Ranjan Bandyopadhyay

Keywords

Narratives, Other, Reflexivity, Self, Self-Identity, Tourism

Subject Areas

Recreation

Abstract

This study has set forth to close gaps, explore innovative methods, and create a better understanding of "Who am I?", in tourism research. Few studies in tourism research focus on how experiences gained from traveling shape self-identity through personal biographies. Building on the work of seminal authors on self-identity, personal narrative, and tourism, this study explores the reflexivity of self-identity as represented in travel narratives. The lived experiences offered through narrative condition spontaneous instances of self-discovery allowing for the (re)creation of new self-identities.
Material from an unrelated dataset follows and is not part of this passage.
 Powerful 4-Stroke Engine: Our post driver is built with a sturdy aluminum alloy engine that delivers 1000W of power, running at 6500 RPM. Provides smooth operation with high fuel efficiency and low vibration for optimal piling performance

Participants were selected through a snowball sample; in-depth interviews were held with fifteen (15) adults born and raised in the United States who have traveled abroad for leisure purposes. Two, ninety-minute, digitally recorded and empirically observed interviews were held with each participant. These interviews, thirty in total, were transcribed verbatim and a member check was conducted.
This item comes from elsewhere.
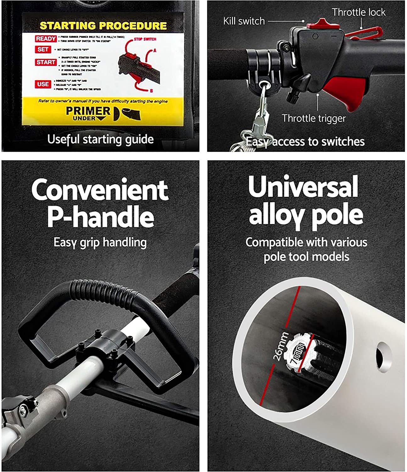 The Brush Weed Cutter Saw Hedge Trimmer is a professional-grade 10-in-1 outdoor power system built for serious property maintenance. Designed around a powerful 62CC EURO 2 two-stroke engine, the Brush Weed Cutter Saw Hedge Trimmer helps you trim hedges, cut branches, clear scrub, edge paths, and tackle thick grass with one reliable power head. With quick-connect couplers, reinforced alloy shafts, and multiple cutting heads, the Brush Weed Cutter Saw Hedge Trimmer delivers the reach, control, and durability needed for seasonal yard work, lifestyle blocks, and contractor jobs. Use the extended pole sections to work safely from the ground, then switch attachments to move from pruning to line trimming and edging without hauling multiple machines.

The qualitative design of the research triangulates grounded theory with narrative analysis, which is insubordinately unique in the field of tourism research. The principal results of this research uncovered tools, not yet applied in tourism research, concerning self-identity: e-mail, online applications (e.g., Skype, blogs, etc.), journals, diaries, scrapbooks, and self edited DVDs. Moreover, the narratives reveal how the "Other" becomes a venue for reflexivity in generating a range of dimensions of the "Self," further exploring, "Who am I?"